"La Rivista di Engramma (open access)" ISSN 1826-901X

182 | giugno 2021

97888948401

Che cosa significa, allora, Ninfa?

Editoriale di Engramma n. 182

a cura di Vittoria Magnoler e Lucrezia Not

English abstract

Helena Almeida, Pintura habitada, 1975.

Warburg incontra la Ninfa “durante una visita domenicale”: da quell’occasione si innesca un “gioco crudele”, di cui percepiamo gli umori nello scambio epistolare con l’amico André Jolles.

Warburg, la Ninfa, l’aveva scorta tra i partecipanti del Ciclo di San Giovanni, affrescato da Domenico Ghirlandaio nella chiesa fiorentina di Santa Maria Novella. Così descrive la sua presenza:

Alle loro spalle, vicino alla porta aperta corre, anzi vola, o meglio si libra, l’oggetto dei miei sogni che comincia però ad assumere le dimensioni di un affascinante incubo. Si tratta di una figura fantastica, o meglio: di un’ancella, anzi di una ninfa classica con un piatto di meravigliosi frutti esotici sulla testa che entra nella stanza sventolando il suo velo.

Ma poco dopo, Warburg stesso problematizza il senso di quel passo, domandandosi:

Che cosa significa allora questo modo di camminare leggero e vivace e al contempo molto movimentato, questo energico incedere a lunghi passi, mentre le altre figure rivelano una qualche intangibilità?

Sospendendo per un momento la questione, rimanendo in quello stato d’animo “tra l’incubo e la favola”, offriamo al lettore, sulla scia del passo leggero della Ninfa, il contenuto del numero di giugno di Engramma.

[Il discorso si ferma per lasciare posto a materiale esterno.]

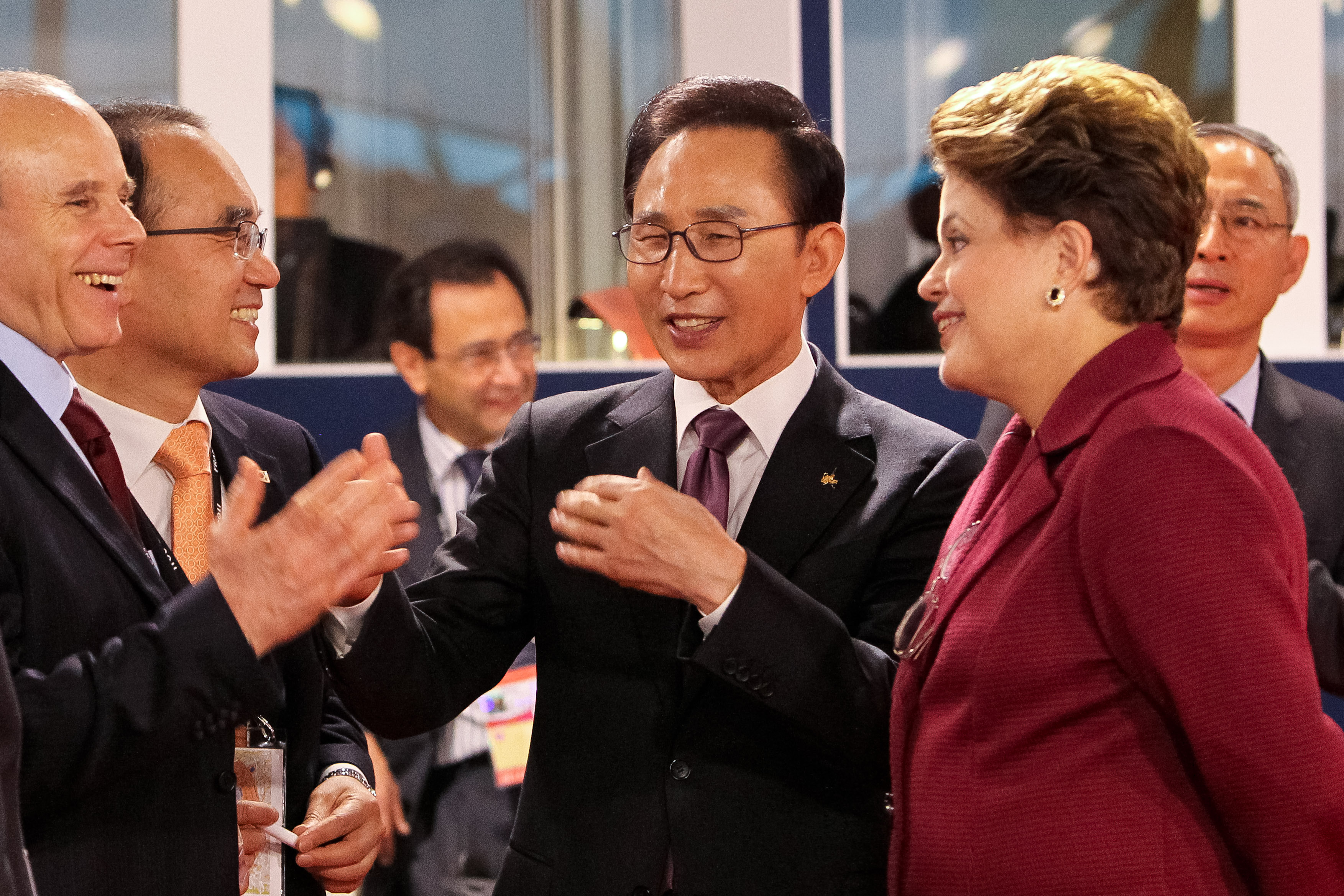 Presidenta Dilma Rousseff conversa com o Presidente da Coréia Lee Myung-bak durante sessão de trabalho na Cúpula de Líderes do G20. (Cannes - França, 04/11/2011)

In apertura El reliquat de la Ninfa. Aproximación a la Pathosformel Ninfa en la obra de Georges Didi-Huberman di Ada Naval García. Il saggio, condotto sui binari del metodo warburghiano, espone la revisione del tema che Georges Didi-Huberman presenta nel suo Ninfa moderna. Essai sur le drapé tombé (2002). Nel seguire lo sviluppo del pensiero dello studioso francese, l’autrice delinea i caratteri che rendono il reliquat la reminiscenza dell’energia della formula patetica che emerge e si attiva nei panni caduti, riconoscendo nella Ninfa l’espressione per eccellenza della Pathosformel.

A questa indagine fa eco la conversazione intrattenuta con Didi-Huberman, curata da Lucrezia Not. In ’Moderna’, ‘Fluida’, ‘Profunda’, ‘Dolorosa’. Une entrevue sur la Ninfa avec Georges Didi-Huberman si schiudono quattro inneschi di lettura, che ripercorrono il cammino delle quattro opere didi-hubermaniane sulla Ninfa, ricollegandolo al quadro della ricerca intrapresa dal Seminario Mnemosyne.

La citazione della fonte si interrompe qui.